# Dying Wool For Dummies



## HillBettyMama (Aug 29, 2015)

Little kids in white Marino plus church crafts equals stained wool sweaters...
How can I use natural, food based dyes to get purple, blue or green? I googled it and read a few pages. I am not sure if I am horribly confused or now have a basic understanding of what mordant is. Please help.


----------



## Pearl B (Sep 27, 2008)

Food based dyes are pretty easy. Just use a vinegar bath after. It's been awhile since I've done it. Should be easy to find the process on Google.


----------



## DragonFlyFarm (Oct 12, 2012)

HillBetty, did you find the information you were looking for? Using food coloring, kool aide and vinegar work well, do some sample batches though. I found some of the colors fade surprisingly fast when exposed to sunlight.


----------



## HillBettyMama (Aug 29, 2015)

I haven't yet gone for it. It I think I will be boiling the wool in salt water and beet root juice. I want to use something nwtural so food dye and kool aid are out. I think salt can be used as a mordant. I would rather not have my whole apartment smelling of vinegar. Once I have the free time to try I will post an update n how it turns out.


----------



## romysbaskets (Aug 29, 2009)

HillBettyMama said:


> Little kids in white Marino plus church crafts equals stained wool sweaters...
> How can I use natural, food based dyes to get purple, blue or green? I googled it and read a few pages.

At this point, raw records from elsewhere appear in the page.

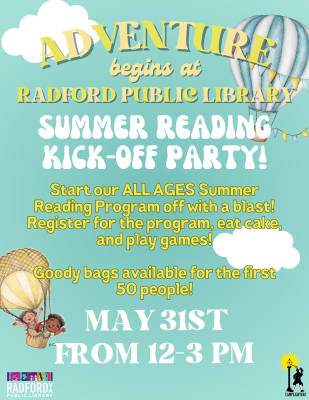 The Radford Public Library presents Summer Reading Kick-Off Party on Friday, May 31, 2024.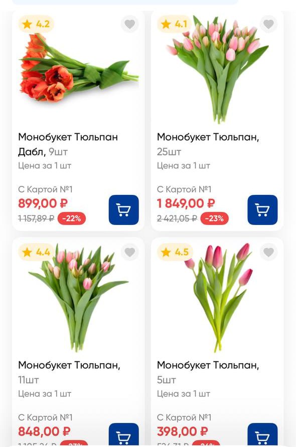 Еще из бюджетных вариантов – покупка цветов в продуктовых магазинах, например, в крупных гипермаркетах. Там букеты стартуют от 398 рублей – это цена за 5 тюльпанов.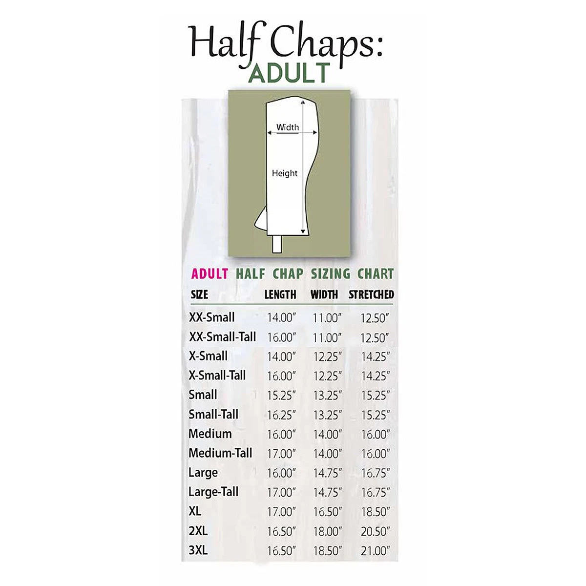 So comfortable, you’ll forget to take them off! Perri’s Professional Half Chaps are crafted from soft, premium quality calfskin. Featuring a reinforced inner leg and elasticized leather panel, providing a near custom fit! The stretchable section helps the chap form to your leg for peak performance and comfort. These chaps zip easily from top down and have snaps at the top and bottom to keep the zipper secure while an elastic foot band keeps the chaps in place while riding.
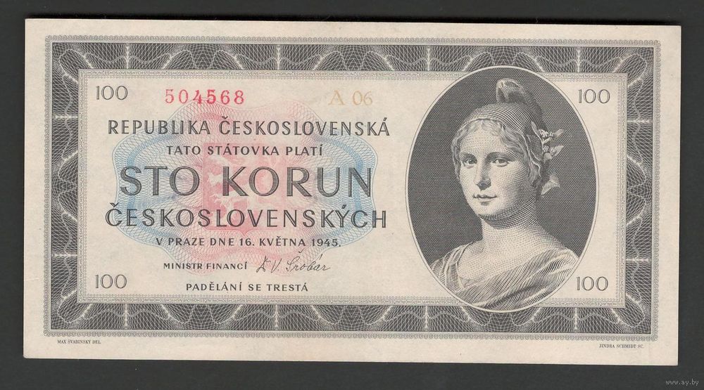Чехословакия 100 крон 1945 года. Без перфорации. Тип Р-67. Состояние аUNC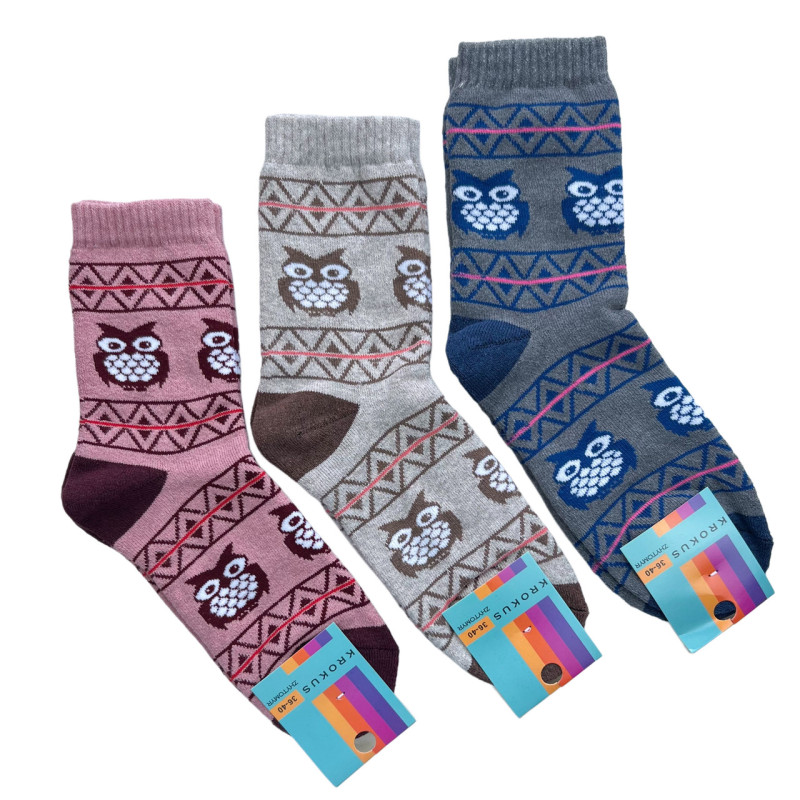 Махрові жіночі високі шкарпетки з совами Krokus — Жіночі шкарпетки для носіння в холодну пору року. Колір: Мікс кольорів. Склад: Бавовна 80%, Поліамід 18%, Еластан 2%. Виробник: KROKUS.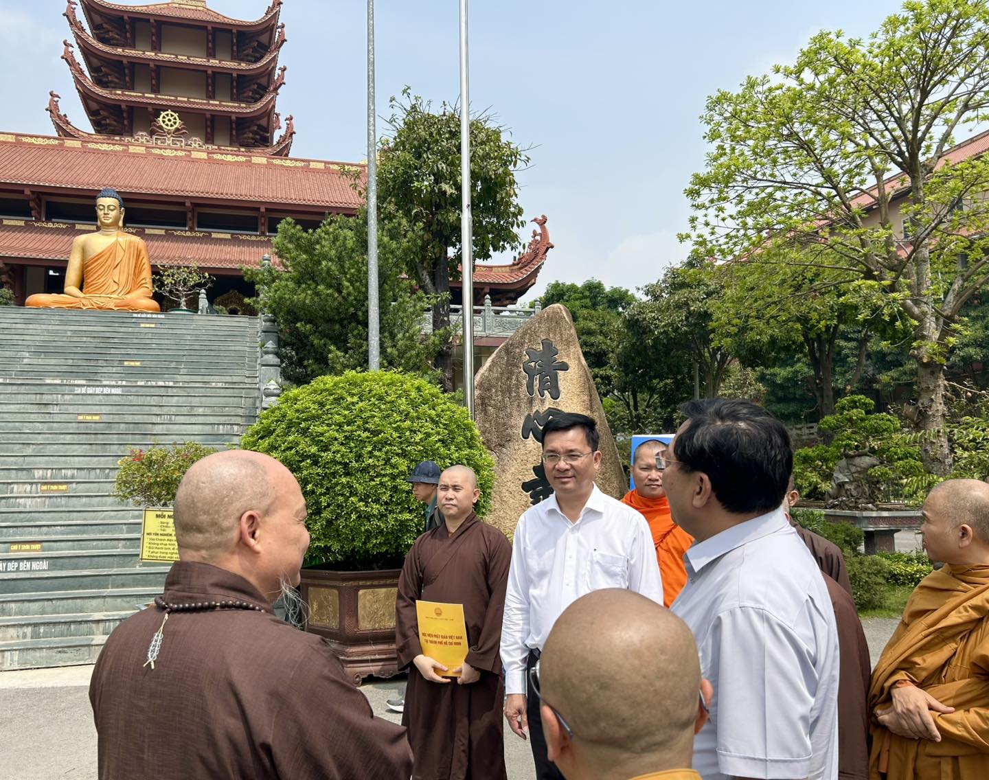 Đi cùng có ông Vũ Hoài Bắc – Trưởng Ban Tôn giáo Chính phủ, ông Phạm Ngọc Chuyên – Trưởng Phòng Phật giáo, Ban Tôn giáo Chính phủ; đại diện các cơ quan hữu quan Trung ương và lãnh đạo UBND huyện Bình Chánh.

I am not sure if I am horribly confused or now have a basic understanding of what mordant is. Please help.


I just bumped up my thread for you on my dying of some mohair. The pics and description will help as salt water is best for some natural dyes and vinegar for others etc. I used two methods. To get darker colors...black berries are a thought and I used what I had on hand. Coffee came out light and light golden brown colored.


----------



## romysbaskets (Aug 29, 2009)

Mordant is the fixative to equalize the acids to force the dye to be permanent. There are differing opinions on how long a natural dye lasts but...I have seen some very old hand made items that the Natives made with berry dyes and they stayed true to color for decades. 

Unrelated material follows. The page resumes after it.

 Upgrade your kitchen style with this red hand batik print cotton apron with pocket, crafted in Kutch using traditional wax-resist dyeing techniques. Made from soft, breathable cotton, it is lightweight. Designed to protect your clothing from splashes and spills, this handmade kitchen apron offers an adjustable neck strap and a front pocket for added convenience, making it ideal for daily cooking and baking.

"For that yarn, it simmered in a mordant made of vinegar and water for one hour, 1 part v to 4 parts w. When the hour was nearly up, I turned on the burner and made expresso to place the soaked fleece in. Then that simmered for an hour. Then it sat in the same coffee with burner off for 12 hours, was washed with wool soap and rinsed. I got the same color doing this 3 times." I did not boil the fleece. The colors I got were mainly easter colors. 

Plant dyes require vinegar:
1 part vinegar to 4 parts water or 
1 cup vinegar to 4 cups water.
Coffee requires the vinegar and lasts a lot longer then a tea dye.

For the Berry dyes:
1/2 cup salt with 8 cups cold water. I used sea salt.

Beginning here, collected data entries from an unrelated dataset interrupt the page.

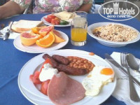 По питанию – «отвратительное». За 12 дней 3-4 кг лишних вам обеспечено, так как невозможно отказаться ни от чего. Первые три дня брали все по полной тарелке и съедали все(вспоминали юморитса про "все включено"). Ужас какой-то. У нас было- завтрак+ужин. Это система нам показалась оптимальной. Арифметика- разница между системой просто «завтрак» на двоих 5000 рублей, в день на одного получилось около 5 евро. В среднем покушать в ресторанах- от 10 евро на одного. Париться на отдыхе с готовкой- не наш вариант. Обеды по составу хуже (пробовали один раз) и в жару кроме фруктов после таких завтраков ничего не хочется. На завтрак: сосиски, сыр, колбасы, омлет, яичница, помидоры, зелень, кофейный аппарат, тостер для хлеба, апельсины и грейпфрукт, мюсли, мед, молоко, джем, масло. Все свежее (в Турции тот же состав продуктов вызывал чувство прошлогодней залежалости). Ужин: 3 вида мяса, рыба, 4 вида салатов, рис, картофель 2-х видов готовки, тушеные овощи, бисквиты, желе, арбуз или дыня, все в неограниченном составе. Баранина- просто песня! Все напитки вечером- 2 евро.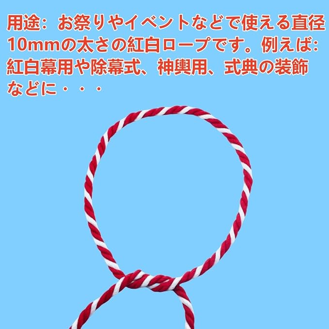 用途:お祭りやイベントなどで使える直径10mmの太さの紅白ロープです。例えば:紅白幕用や除幕式、神輿用、式典の装飾などに・・・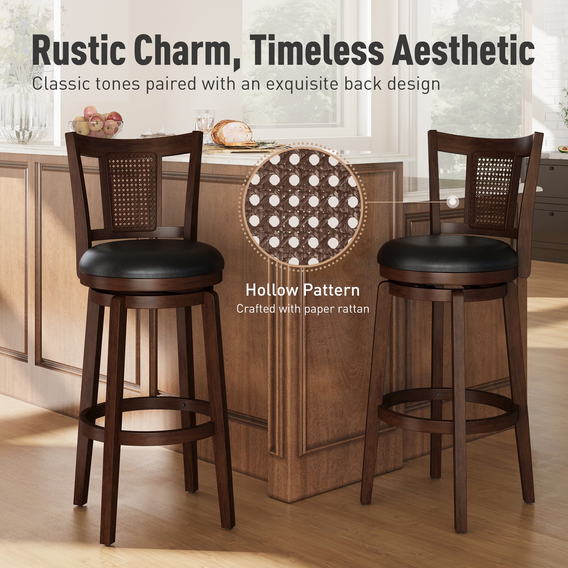 Captiva Designs 30 inch Swivel Bar Stools with Faux Leather Upholstered Seat & Rubberwood Frame & Wrap-Around Footrest

On my thread I have pics of the process and the colors I got. 

http://www.homesteadingtoday.com/co...fleece-yarn-natural-dye-process-pics-yay.html


----------



## HillBettyMama (Aug 29, 2015)

Thank you Romy! I think I understand now I think but I'm not positive. I also think dying will with food dyes will be a learning process rather than a simple this is how it's done.


----------



## romysbaskets (Aug 29, 2009)

HillBettyMama said:


> Thank you Romy! I think I understand now I think but I'm not positive. I also think dying will with food dyes will be a learning process rather than a simple this is how it's done.


You are very welcome! Pics help a bit I think and the approx ratios for the mordant. You can use beets and all kinds of veggies, and berries to dye yarns. The fun part is to take small batches of wool and experiment before you use the kids clothes to dye.


----------